Confession of the day: I watch Judge Judy. No, it’s not because I revel in seeing poor unfortunate souls succumbing to her rudeness, self-importance, or condescension. It’s because of the fact that out of all the silly court shows on TV, hers is the only one that ever even marginally somewhat half-way almost kinda sorta pretends to loosely approximate a remote facsimile of an actual rules-based forum. For example, I like when she schools people on the hearsay rule. In a real court, hearsay is of course inadmissible, because the speaker isn’t there to be cross-examined. In other words, hearsay is unreliable.

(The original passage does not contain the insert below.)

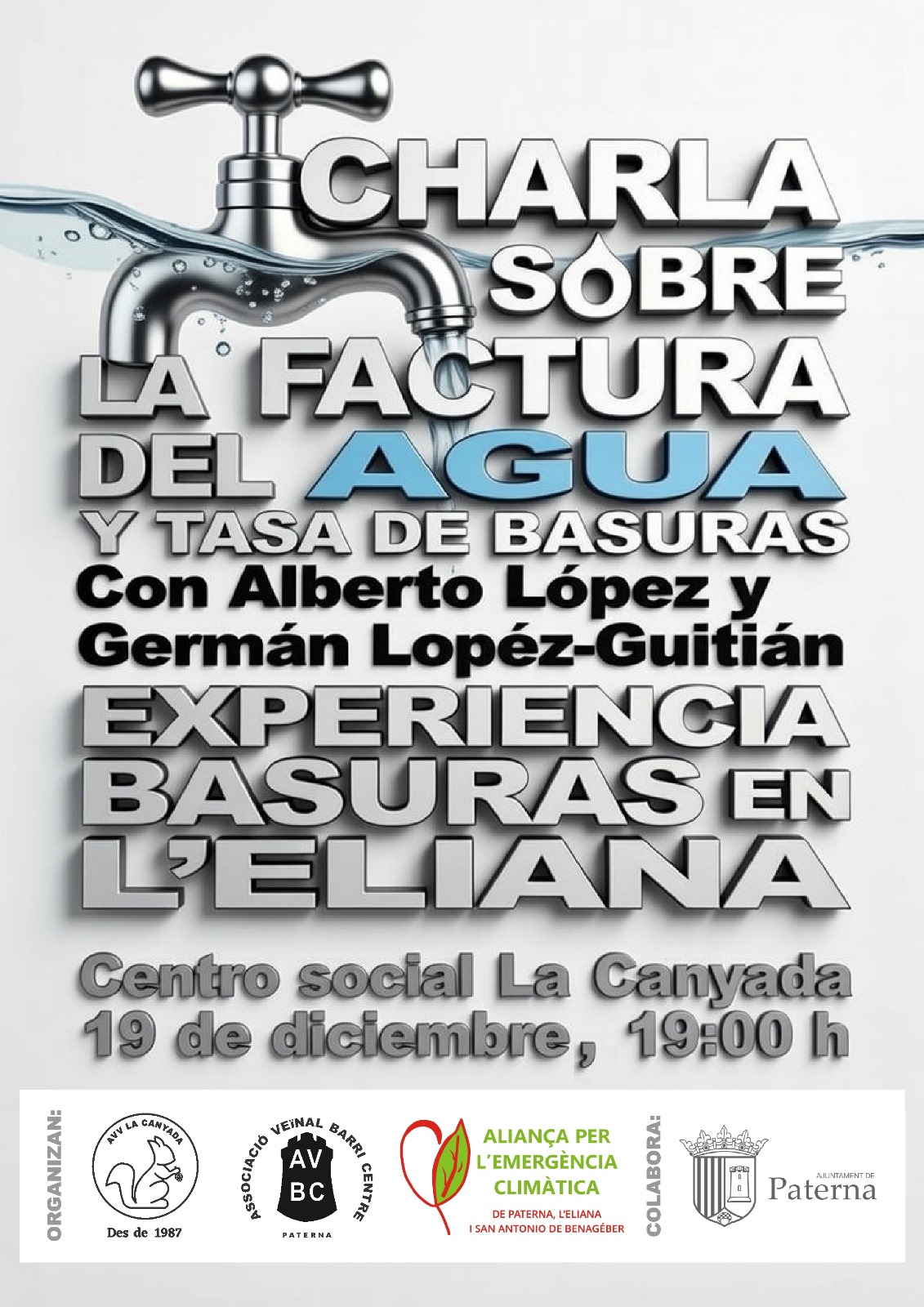 19 | 19:00 | Centro Social de La Canyada | Charla sobre la factura del agua y tasa de basuras.

Untrustworthy. Dubious. It frustrates the pursuit of truth. And yet, most court shows let the parties spew hearsay ’til the cows come home — especially if it’s salacious enough to keep folks tuned in through the commercial break. But Judge Judy? Oh, no sir. No ma’am. Soon as anybody waves a witness letter in the air or yaps about what a roommate’s second cousin said on three-way video-chat, Sheriff Sheindlin shuts it down.
But hearsay does find an audience in Judge Judy on occasion. Although she doesn’t bore the fans with legalese, I think she most often excuses hearsay on the basis of what we bloodsucking barristers call an “excited utterance.” Some jurisdictions call it “spontaneous utterance,” res gestae, or some other shorthand for Rule 803(2) of the Federal Rules of Evidence (or in my case, the Tennessee Rules of Evidence).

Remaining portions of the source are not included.